First year of world's largest education development impact bond reached 600 schools

The Quality Education India bond, launched in September last year in Gujarat and Delhi, has benefited more than 100,000 students between five and 11 years of age

Indian school students (Photograph: Getty Images)
Indian school students (Photograph: Getty Images)

The world’s largest education development impact bond has helped 30 per cent more children achieve basic literacy and numeracy skills in two areas of India in its first year, the British Asian Trust has said.

The Quality Education India bond, which was launched in September 2018 in Gujarat and Delhi, also helped 40 per cent of the schools on the programme meet or exceed their targets in literacy and numeracy when compared with non-participating schools.

The programme has reached 600 schools and more than 100,000 students aged five to 11.

The first round of funding for the bond raised $11m (£8.5m), and the charity hoped the bond would double in size to approximately $22m (£16.9m) over the next four years.

The bond’s steering committee comprises the British Asian Trust, the Michael & Susan Dell Foundation, the UBS Optimus Foundation and Tata Trusts, Comic Relief, the Department for International Development, the Mittal Foundation, BT and the Lawrence Ellison Foundation.

Richard Hawkes, chief executive of the British Asian Trust, said: "In many ways, year one was a start-up year for both the bond and the NGOs that were testing the concept and allowing for adjustments to make improvements along the way.

"The ambition remains that the lessons from the DIB will be used to create an education ‘rate card’, an assessment of costs for tried-and-tested delivery outcomes against funding, to improve the quality of education."

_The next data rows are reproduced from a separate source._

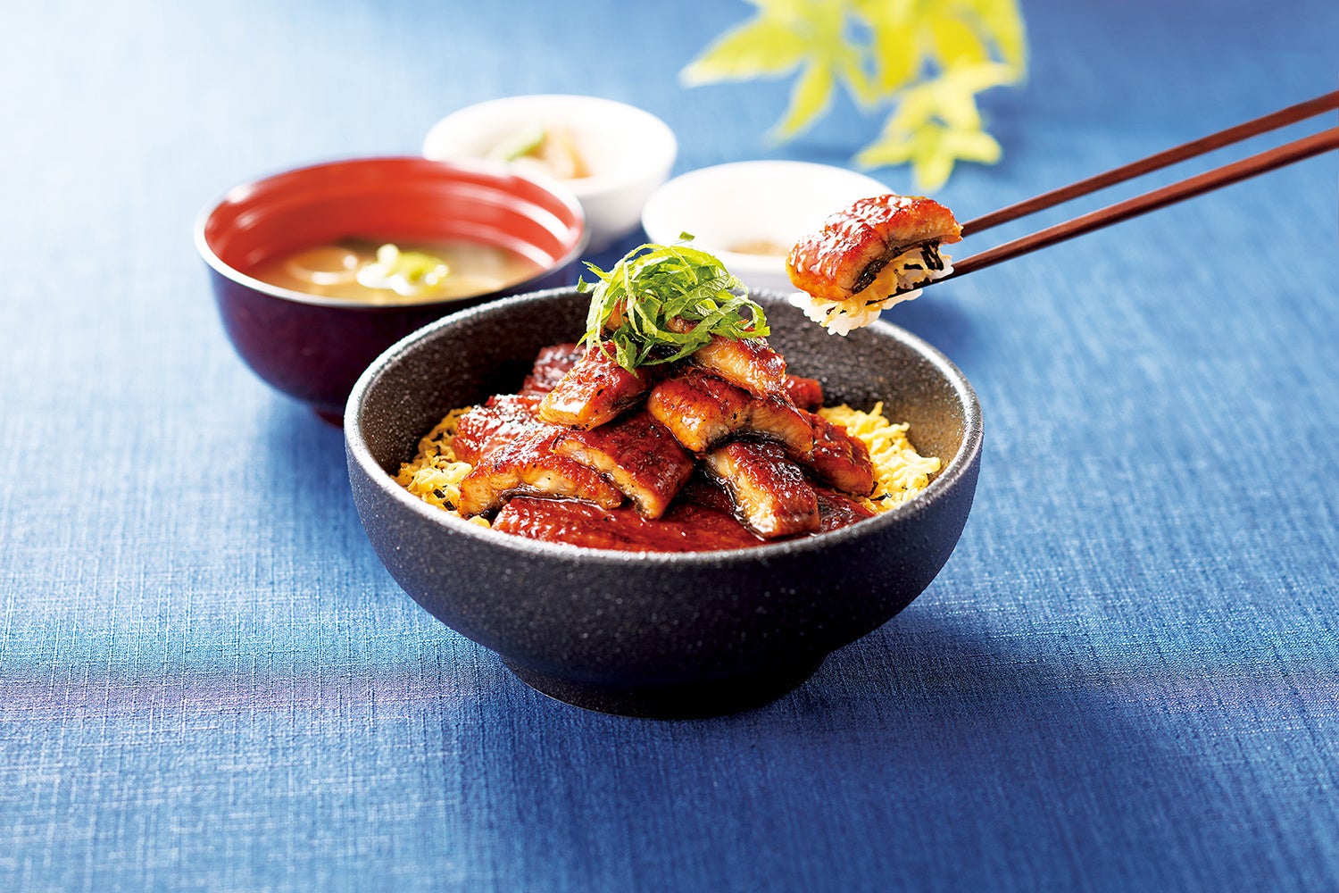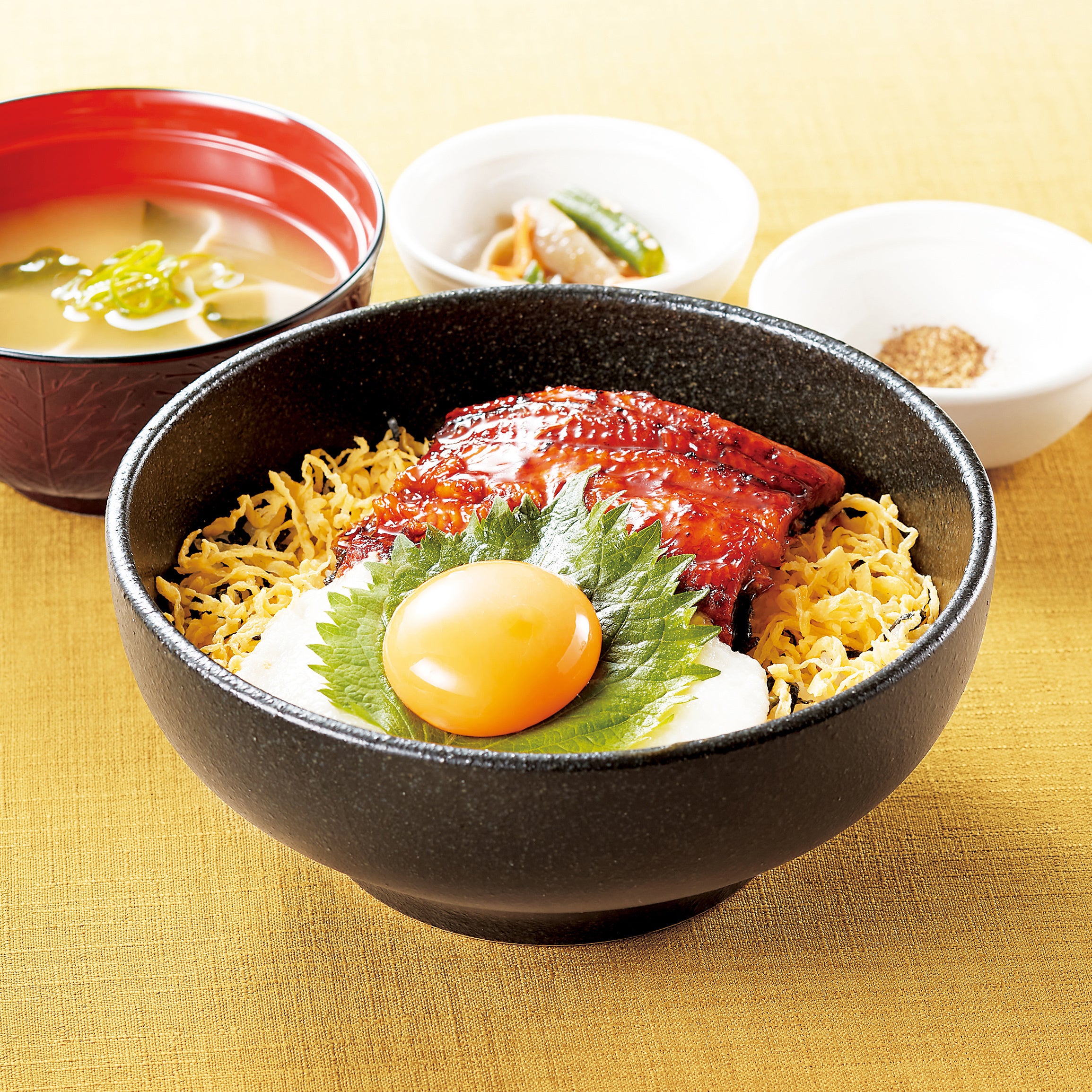 「とろろ月見のうなぎ丼」は、「うなぎ丼」にとろろと大葉、卵黄を合わせました。とろろと卵黄、コクのある甘めのたれが相性抜群で食べ進める手が止まりません。お好みで醤油をかけてお召し上がりください。
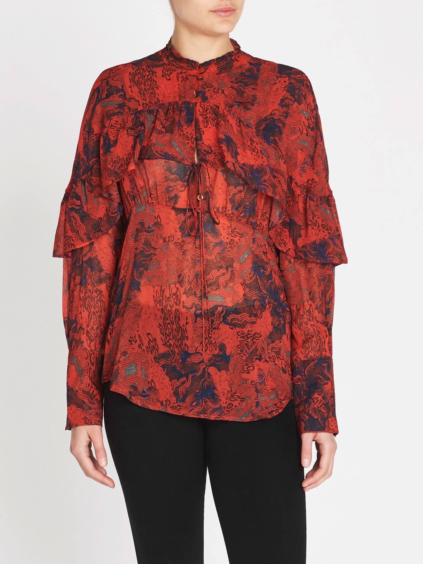 We love a good printed blouse and the Klara Shirt by IRO is no exception. Constructed in a red psychedelic print this long sleeve shirt features a round collar, front button closure, ruffle details, adjustable drawstring detailing and is finished with a curved hemline.
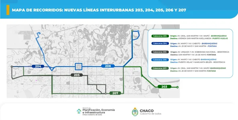 Se incorporarán nuevas líneas: la 203, 204, 205, 206 y 207 que conectarán de forma directa Fontana con Barranqueras y Barranqueras con Puerto Vilelas además de incluir nuevos recorridos en las zonas Sur y Norte de Resistencia.
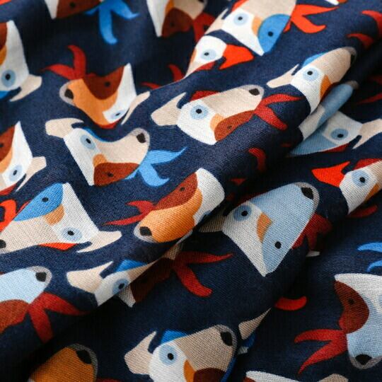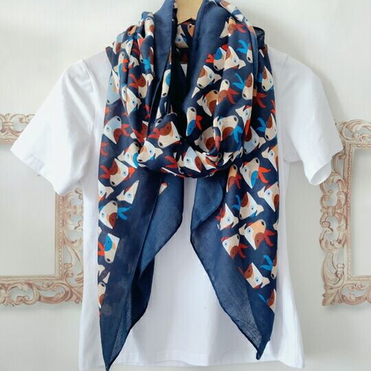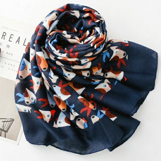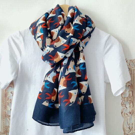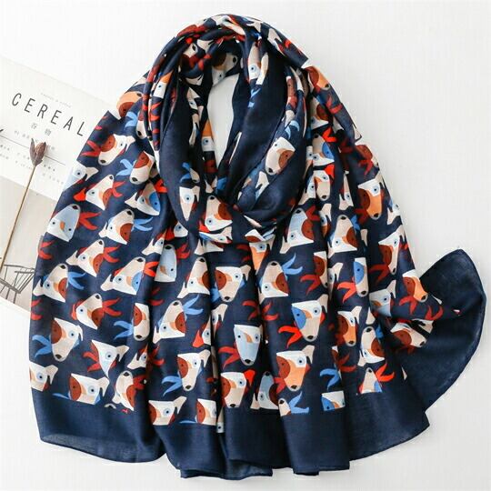 イギリス貴族のスポーツとして愛好されたブルテリア柄の大判ストール 犬好き、愛犬家、ペット愛好家の方へのプレゼント ネイビーの生地に子犬の目と顔にハッピーな表情が映えるブルテリア柄 紫外線対策 UVカット カジュアル 散歩 遊び心 いぬ 小犬 ユニーク ma0342a

Geeta Goel, country director at the Michael & Susan Dell Foundation, said: "The early signs are that outcome-based funding models, with an incentive attached, have the potential to drive quality in education and attract new forms of capital to sustain it.

"There are a number of key lessons from year one, which will help to inform the remainder of the programme, as well as future DIBs and government policy decisions."